The Paihau-Robinson Research Institute says it is researching high-temperature superconductivity and is making its in-depth HTS knowledge available for space applications.
HTS technology could be a valuable ingredient when it comes to significantly enhancing the performance and flexibility of so-called Applied Field Magneto-Plasmadynamic Thrusters (AFMPD).
To be able to investigate the effect of HTS magnets on the performance of AFMPD propulsion in detail, the Paihau-Robinson Research Institute says it has set up a space simulation chamber in collaboration with Australian scientific vacuum solution specialist, Scitek.
A prototype of the thruster is being developed in the laboratory, with the HTS magnet part of the thruster to be taken to the International Space Station (ISS) and put through its paces in the vacuum of space.
To be able to generate the required working pressure of about 10-7 mbar at an Argon gas flow of 100 sccm in the vacuum chamber, enormously high pumping rates of about 50,000 L/s are needed.
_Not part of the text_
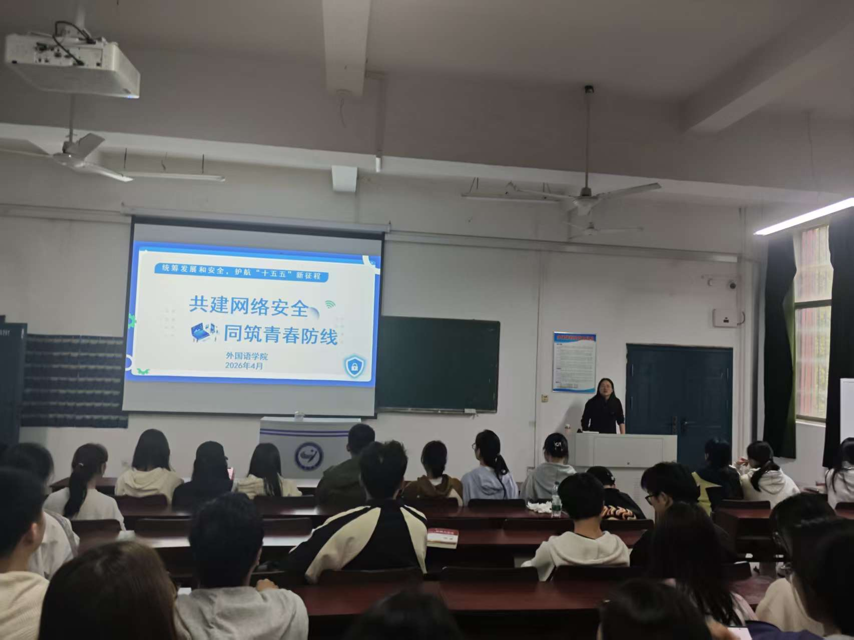 宣讲结束后,两位学生代表分享了学习体会。25级英师2班的杨同学表示:“以前觉得国家安全离自己很远,听完才发现,一条陌生链接、一个免费Wi-Fi都可能带来风险。今后我会更加注意保护个人信息,也会主动提醒身边同学。”法语班的袁同学说:“作为外语专业学生,平时接触各类信息较多,更要保持警惕,不随意转发不明来源的内容,做网络安全的践行者和国家安全的宣传者。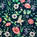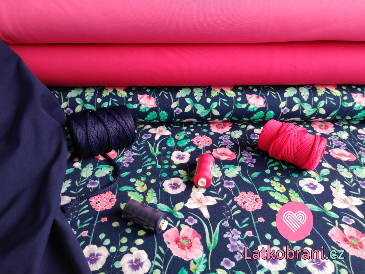 Teplákovina potisk malované květy na tmavě modré, BIO

This requires, among other things, a large roots pump, powerful turbomolecular pumps, and a 4,200 L/s cryogenic pump – but also special Meissner traps designed to directly pump the Argon gas from the plasma.
For these Meissner traps to perform well, the residual moisture in the chamber must be minimized.
This is one of the many reasons why Scitek works with VAT high-precision valves, such as the VAT 11.1, 12.1, and 14.0 series gate valves and 24.4 series angle valves, for the vacuum components and their control.